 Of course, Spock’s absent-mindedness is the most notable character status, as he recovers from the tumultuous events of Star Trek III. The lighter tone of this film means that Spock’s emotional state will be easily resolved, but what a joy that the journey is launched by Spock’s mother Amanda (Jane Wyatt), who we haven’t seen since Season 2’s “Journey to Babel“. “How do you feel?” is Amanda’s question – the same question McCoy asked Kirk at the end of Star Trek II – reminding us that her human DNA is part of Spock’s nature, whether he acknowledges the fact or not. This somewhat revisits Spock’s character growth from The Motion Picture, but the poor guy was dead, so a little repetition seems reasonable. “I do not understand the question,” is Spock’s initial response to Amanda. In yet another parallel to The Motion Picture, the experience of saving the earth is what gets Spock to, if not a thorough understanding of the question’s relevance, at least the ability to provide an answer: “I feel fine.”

========

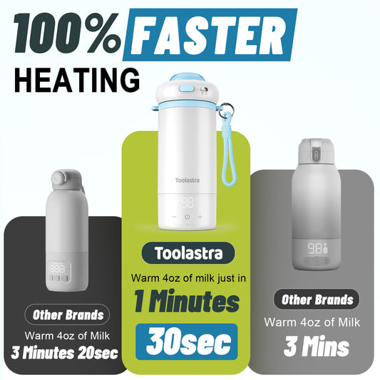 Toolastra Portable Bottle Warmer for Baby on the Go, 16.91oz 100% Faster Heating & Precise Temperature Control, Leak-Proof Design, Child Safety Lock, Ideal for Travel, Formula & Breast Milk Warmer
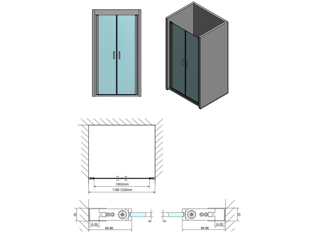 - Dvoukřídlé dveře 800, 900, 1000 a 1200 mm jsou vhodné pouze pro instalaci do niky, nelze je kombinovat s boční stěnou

========

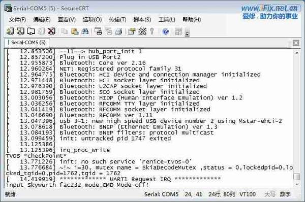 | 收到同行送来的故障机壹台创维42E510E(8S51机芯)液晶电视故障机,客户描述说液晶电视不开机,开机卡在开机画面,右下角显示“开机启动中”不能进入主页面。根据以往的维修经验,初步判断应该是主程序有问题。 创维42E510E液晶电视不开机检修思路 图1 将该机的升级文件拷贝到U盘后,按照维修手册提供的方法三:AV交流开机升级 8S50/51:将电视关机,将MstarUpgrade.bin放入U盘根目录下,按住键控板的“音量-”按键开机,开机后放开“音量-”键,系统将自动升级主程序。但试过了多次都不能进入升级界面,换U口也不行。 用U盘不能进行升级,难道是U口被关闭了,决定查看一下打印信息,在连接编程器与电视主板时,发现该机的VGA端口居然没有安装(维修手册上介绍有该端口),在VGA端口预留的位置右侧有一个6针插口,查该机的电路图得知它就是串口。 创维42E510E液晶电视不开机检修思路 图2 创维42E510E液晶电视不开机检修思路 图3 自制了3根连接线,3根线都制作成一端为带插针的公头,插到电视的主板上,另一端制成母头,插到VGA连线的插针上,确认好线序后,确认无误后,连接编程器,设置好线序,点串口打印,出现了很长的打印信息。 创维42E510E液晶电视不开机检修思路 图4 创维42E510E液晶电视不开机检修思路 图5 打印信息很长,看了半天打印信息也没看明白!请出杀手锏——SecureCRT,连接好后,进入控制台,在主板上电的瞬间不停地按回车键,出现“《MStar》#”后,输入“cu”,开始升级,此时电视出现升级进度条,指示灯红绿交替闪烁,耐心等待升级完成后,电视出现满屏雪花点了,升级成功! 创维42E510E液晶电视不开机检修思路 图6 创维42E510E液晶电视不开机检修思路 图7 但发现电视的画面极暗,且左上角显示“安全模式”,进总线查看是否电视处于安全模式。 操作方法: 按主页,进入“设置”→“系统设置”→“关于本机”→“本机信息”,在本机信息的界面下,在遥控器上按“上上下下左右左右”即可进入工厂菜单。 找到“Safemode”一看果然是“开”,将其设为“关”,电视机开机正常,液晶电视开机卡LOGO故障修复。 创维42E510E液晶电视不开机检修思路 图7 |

========

Reproduce, word for word, everything in the listing above from the line containing "Toolastra Portable Bottle" down to the line containing "- Dvoukřídlé dveře", both of them included. No pictures.

Written response:
 Toolastra Portable Bottle Warmer for Baby on the Go, 16.91oz 100% Faster Heating & Precise Temperature Control, Leak-Proof Design, Child Safety Lock, Ideal for Travel, Formula & Breast Milk Warmer
 - Dvoukřídlé dveře 800, 900, 1000 a 1200 mm jsou vhodné pouze pro instalaci do niky, nelze je kombinovat s boční stěnou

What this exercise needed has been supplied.